[EXERCISE PROMPT]: Only the lines from the "ఈ పోలికను గమనించిన" line through the last line of the material below belong in the answer, reproduced exactly and with no pictures.

[INPUT DATA]:
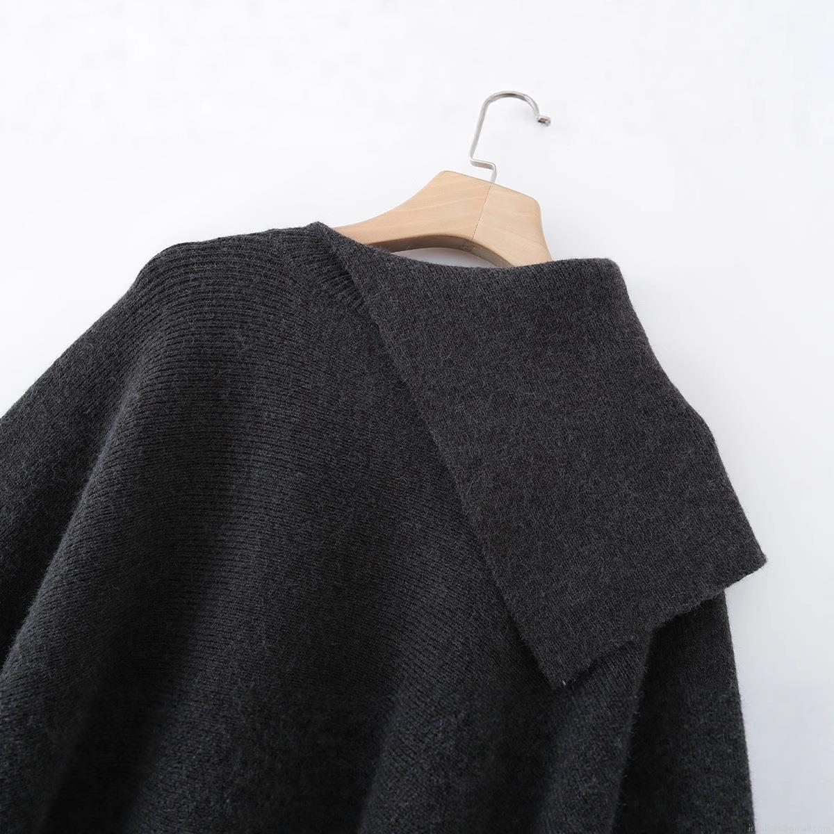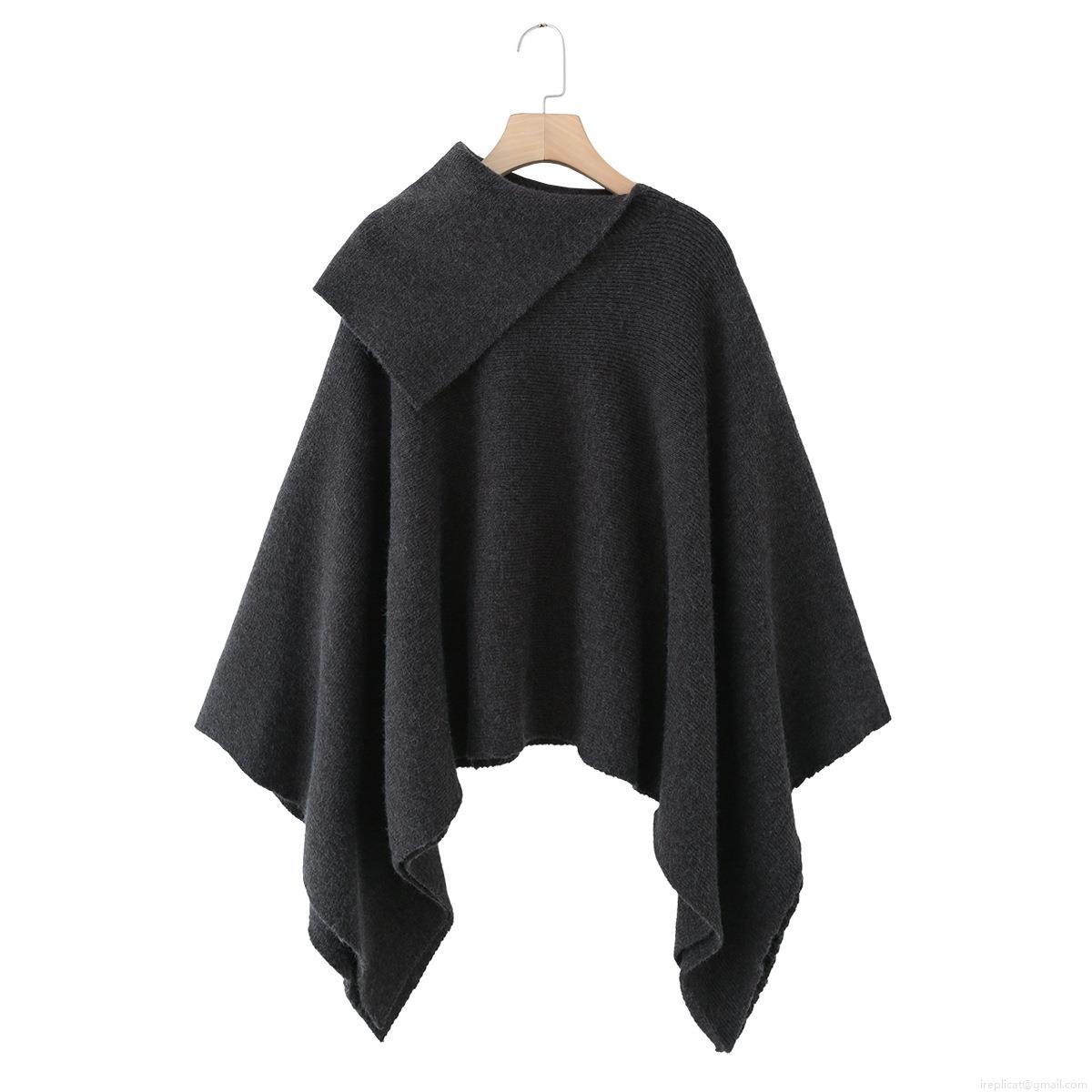 Solid Color, Irregular Hem, Shawl Design, Knitted Texture, Asymmetrical Collar
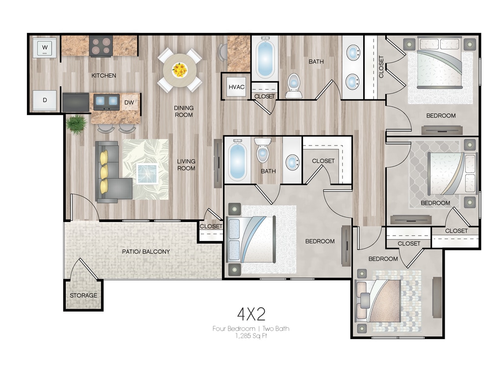 4x2 - Floorplan 1 Apartment Unit: 411Apartment Model: 4x2$1,3074 Bedroom, 2 Bath, 1285 sq ftAvailable November 28, 2025
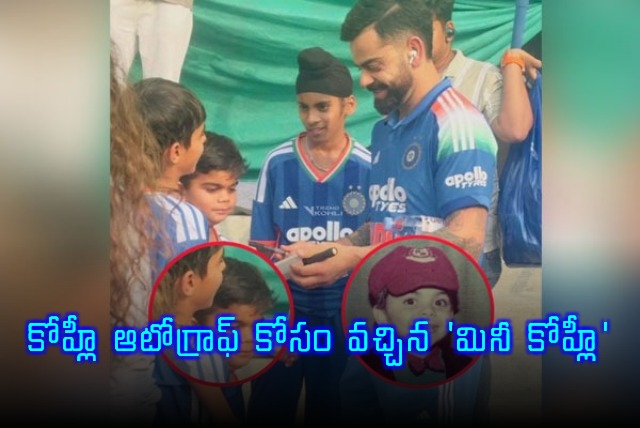 ఈ పోలికను గమనించిన నెటిజన్లు ఆశ్చర్యపోతూ పోస్టులు పెట్టడం ప్రారంభించారు. 'మినీ కోహ్లీ దొరికేశాడు' అంటూ పలువురు కామెంట్లు చేస్తున్నారు. కోహ్లీ, ఆ చిన్నారి ఫొటోలను పక్కపక్కన పెట్టి పోలుస్తూ షేర్ చేస్తున్నారు. దీంతో ఈ విషయం నెట్టింట హాట్ టాపిక్‌గా మారింది. మరోవైపు కోహ్లీ మాత్రం ఇవేమీ గమనించకుండా చిరునవ్వులు చిందిస్తూ తన అభిమానులకు ఆటోగ్రాఫ్‌లు ఇవ్వడంలో నిమగ్నమయ్యాడు. ఇక‌, ప్రస్తుతం కోహ్లీ, రోహిత్ శర్మ కేవలం వన్డే ఫార్మాట్‌లో మాత్రమే ఆడుతుండటం తెలిసిందే. దీంతో ఇవాళ్టి నుంచి కివీస్‌తో జ‌రిగే సిరీస్‌పై అభిమానుల్లో భారీ అంచనాలు నెలకొన్నాయి.
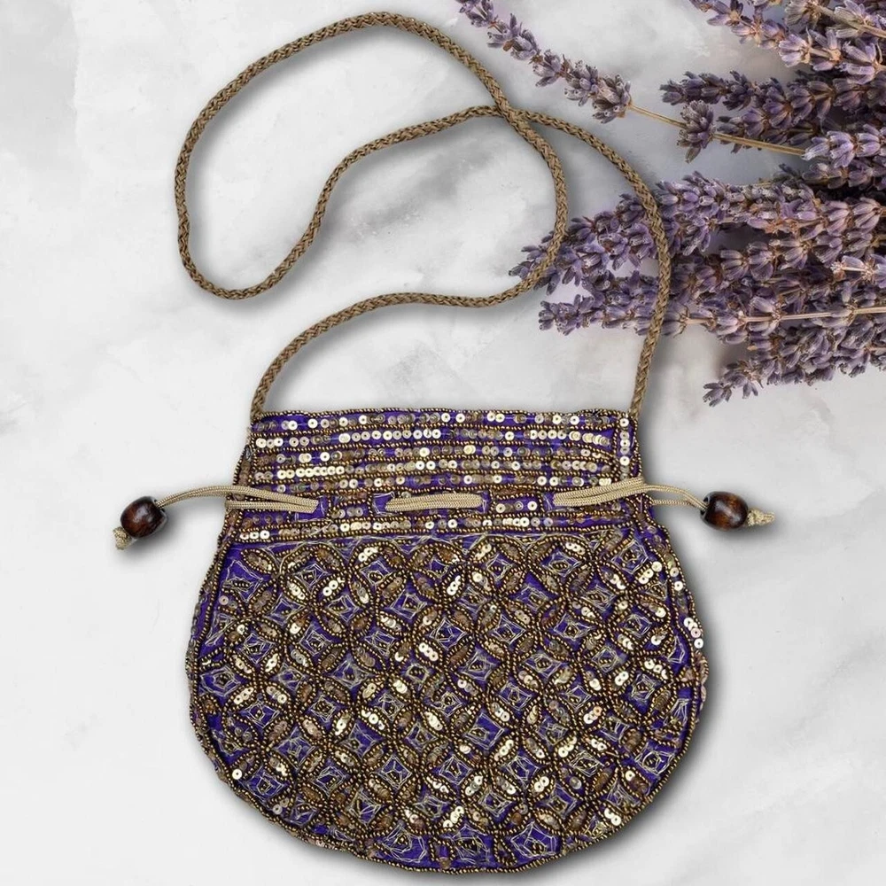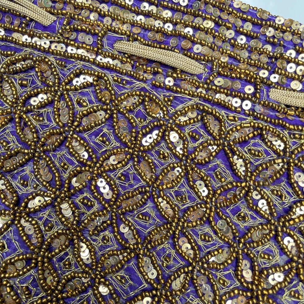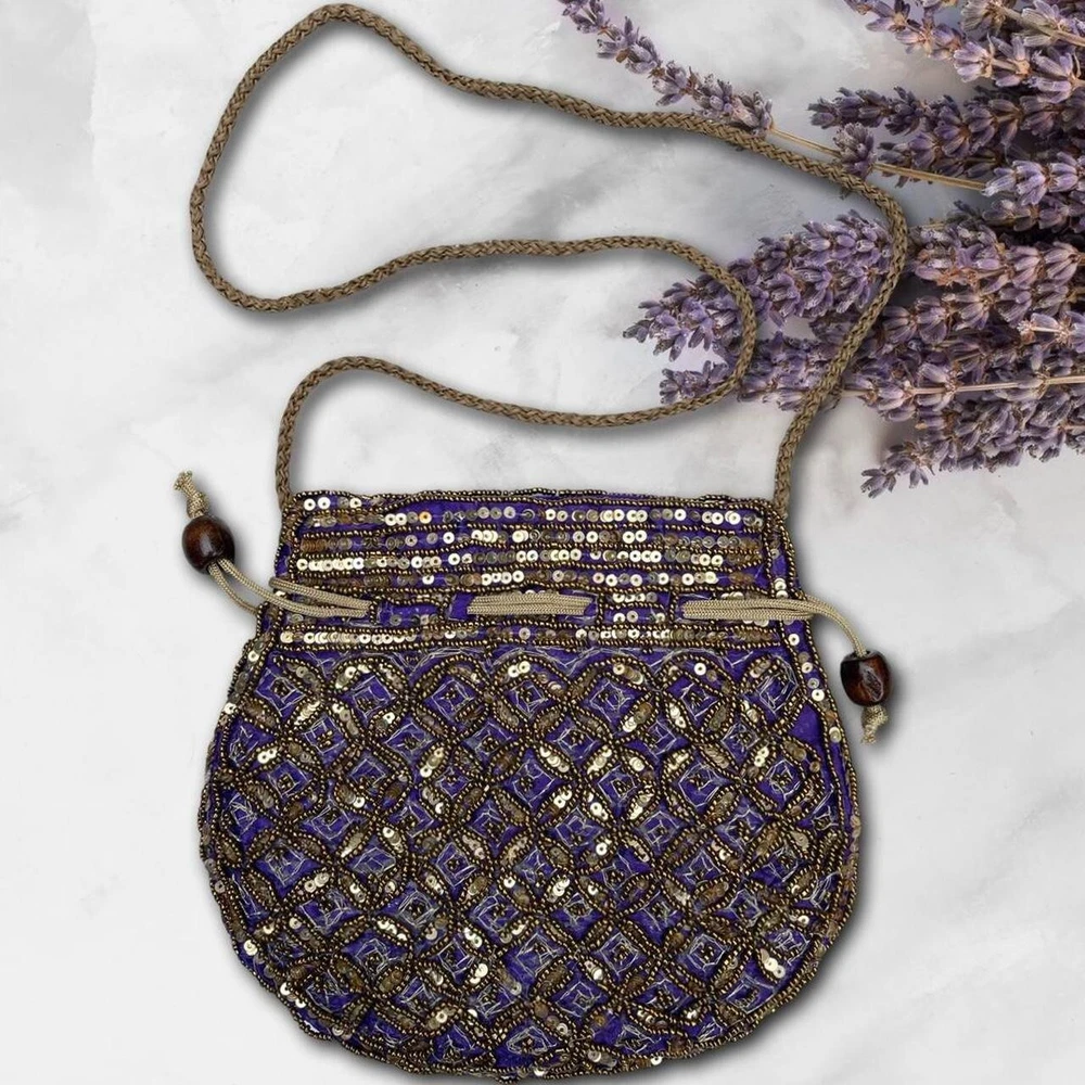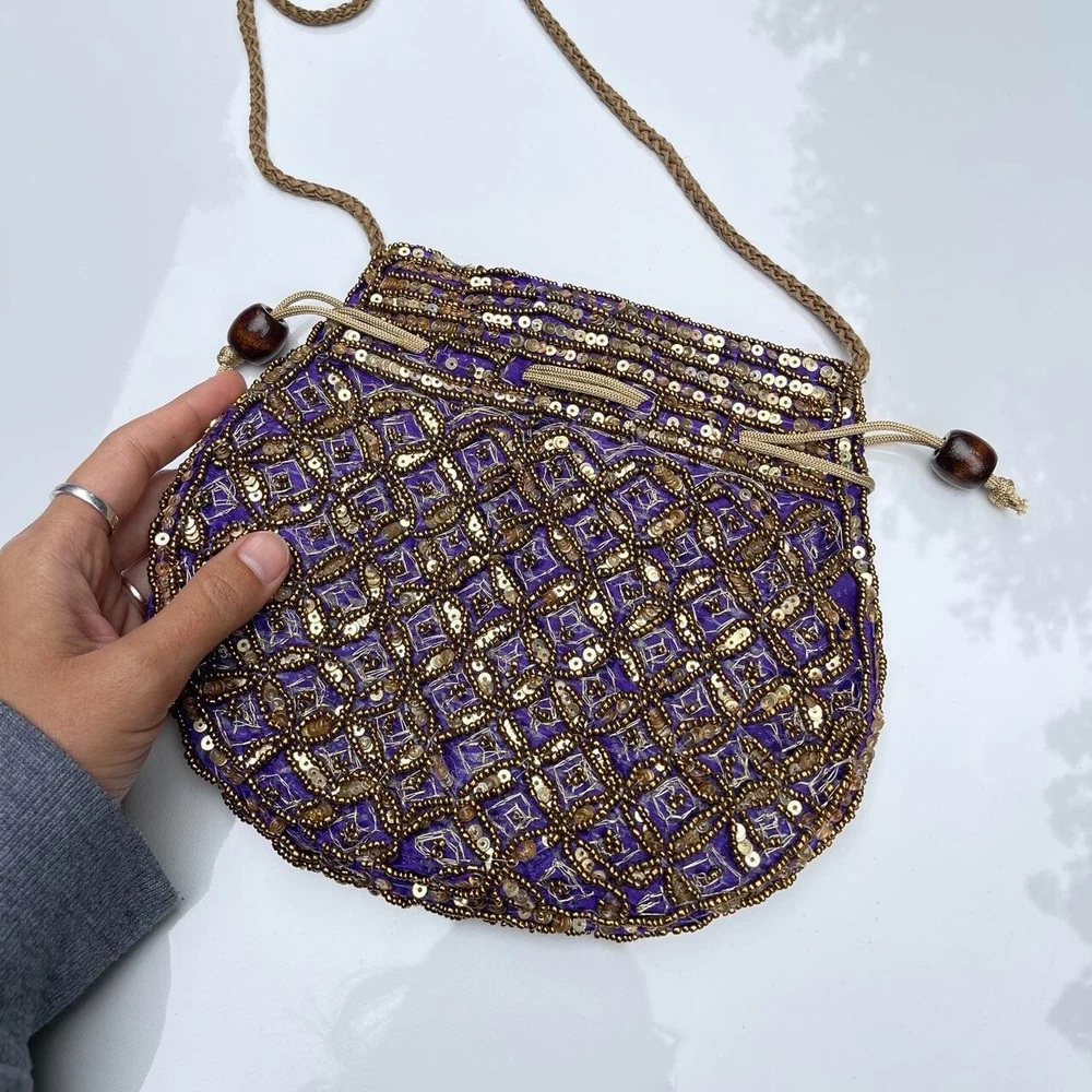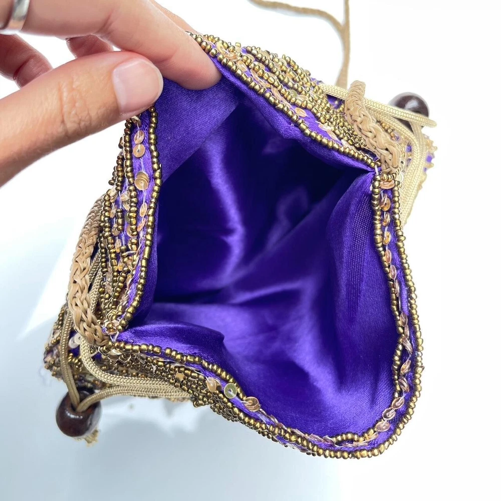 Vintage Beaded Pouch Bag Description: absolutely gorgeous gold tone beaded and sequined pouch bag with pull tie closure and purple satin lining. It’s giving boho gypsy princess. So much more beautiful in person ✨ Condition: excellent condition. Some very slight wear on the strap (pictured). Dimensions: 9”x8”

[SOLUTION FOR THIS PROBLEM]:
 ఈ పోలికను గమనించిన నెటిజన్లు ఆశ్చర్యపోతూ పోస్టులు పెట్టడం ప్రారంభించారు. 'మినీ కోహ్లీ దొరికేశాడు' అంటూ పలువురు కామెంట్లు చేస్తున్నారు. కోహ్లీ, ఆ చిన్నారి ఫొటోలను పక్కపక్కన పెట్టి పోలుస్తూ షేర్ చేస్తున్నారు. దీంతో ఈ విషయం నెట్టింట హాట్ టాపిక్‌గా మారింది. మరోవైపు కోహ్లీ మాత్రం ఇవేమీ గమనించకుండా చిరునవ్వులు చిందిస్తూ తన అభిమానులకు ఆటోగ్రాఫ్‌లు ఇవ్వడంలో నిమగ్నమయ్యాడు. ఇక‌, ప్రస్తుతం కోహ్లీ, రోహిత్ శర్మ కేవలం వన్డే ఫార్మాట్‌లో మాత్రమే ఆడుతుండటం తెలిసిందే. దీంతో ఇవాళ్టి నుంచి కివీస్‌తో జ‌రిగే సిరీస్‌పై అభిమానుల్లో భారీ అంచనాలు నెలకొన్నాయి.
 Vintage Beaded Pouch Bag Description: absolutely gorgeous gold tone beaded and sequined pouch bag with pull tie closure and purple satin lining. It’s giving boho gypsy princess. So much more beautiful in person ✨ Condition: excellent condition. Some very slight wear on the strap (pictured). Dimensions: 9”x8”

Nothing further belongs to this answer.